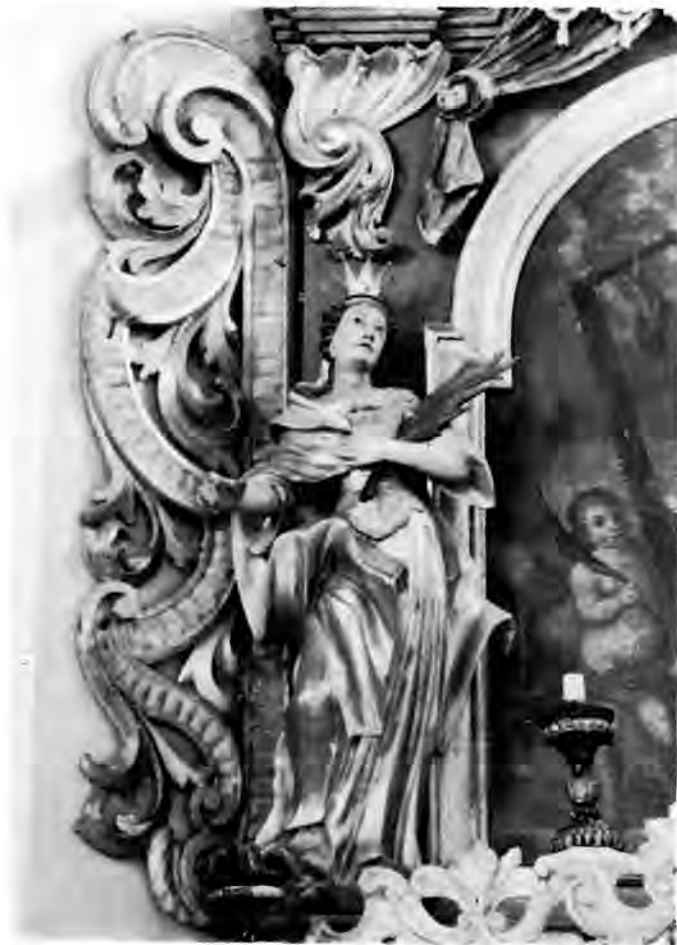
12 Virje, kapela sv. Jakova — oltar sv. Šimuna, Sv. Katarina

kratka pelerina od hermelina, a na glavama su bogato urešene krune. Slični su elementi kostima zastupljeni i kod raznih svetih vitezova (Juraj, Florijan, Donat, Martin) većinom u stiliziranoj odori rimskog časnika, sa šljemovima s perjanicama. U sličnoj odori bori se i sv. Mihovil protiv đavla koji se previja pod njegovim nogama u obliku fantastične ljudske nakaze ili zmaja razvaljenih čeljusti s nizom oštih zuba (sl. 5). Kod svetica vlada veća jednoličnost kostima, ali se i tu pojedini elementi efektno variraju. S iznimkom malobrojnih sačuvanih kipova starozavjetnih matrona (Ana, Elizabeta) javlja se kod Severina uvijek svetica velikašica, u ornamentiranom kratkom oklopu, stegnuta u struku širokim pojansom, ogrnuta naborima plašta koji je često optočen ili podstavljen krznom, a na glavama tih svetica primjećujemo široke dijademe natisnute duboko na čelo ili male krunice šiljastih zubaca.
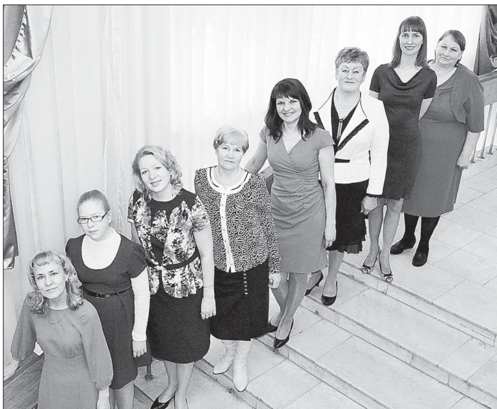
Верховажская делегация на праздничном мероприятии в Вологодском областном драматическом театре.
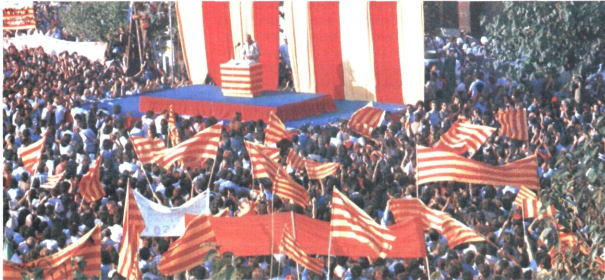
La diada de 1976 va aplegar una multitud reclamant llibertat, amnistia i Estatut d'Autonomia

L'acte central es celebrarà a partir de les sis de la tarda a la plaça de Catalunya. Començarà amb una

_ _ _

→ TO DO
Please repeat each record exactly and keep every picture out of the copy.

→ ANSWER AREA
12 Virje, kapela sv. Jakova — oltar sv. Šimuna, Sv. Katarina

kratka pelerina od hermelina, a na glavama su bogato urešene krune. Slični su elementi kostima zastupljeni i kod raznih svetih vitezova (Juraj, Florijan, Donat, Martin) većinom u stiliziranoj odori rimskog časnika, sa šljemovima s perjanicama. U sličnoj odori bori se i sv. Mihovil protiv đavla koji se previja pod njegovim nogama u obliku fantastične ljudske nakaze ili zmaja razvaljenih čeljusti s nizom oštih zuba (sl. 5). Kod svetica vlada veća jednoličnost kostima, ali se i tu pojedini elementi efektno variraju. S iznimkom malobrojnih sačuvanih kipova starozavjetnih matrona (Ana, Elizabeta) javlja se kod Severina uvijek svetica velikašica, u ornamentiranom kratkom oklopu, stegnuta u struku širokim pojansom, ogrnuta naborima plašta koji je često optočen ili podstavljen krznom, a na glavama tih svetica primjećujemo široke dijademe natisnute duboko na čelo ili male krunice šiljastih zubaca.
Верховажская делегация на праздничном мероприятии в Вологодском областном драматическом театре.
La diada de 1976 va aplegar una multitud reclamant llibertat, amnistia i Estatut d'Autonomia

L'acte central es celebrarà a partir de les sis de la tarda a la plaça de Catalunya. Començarà amb una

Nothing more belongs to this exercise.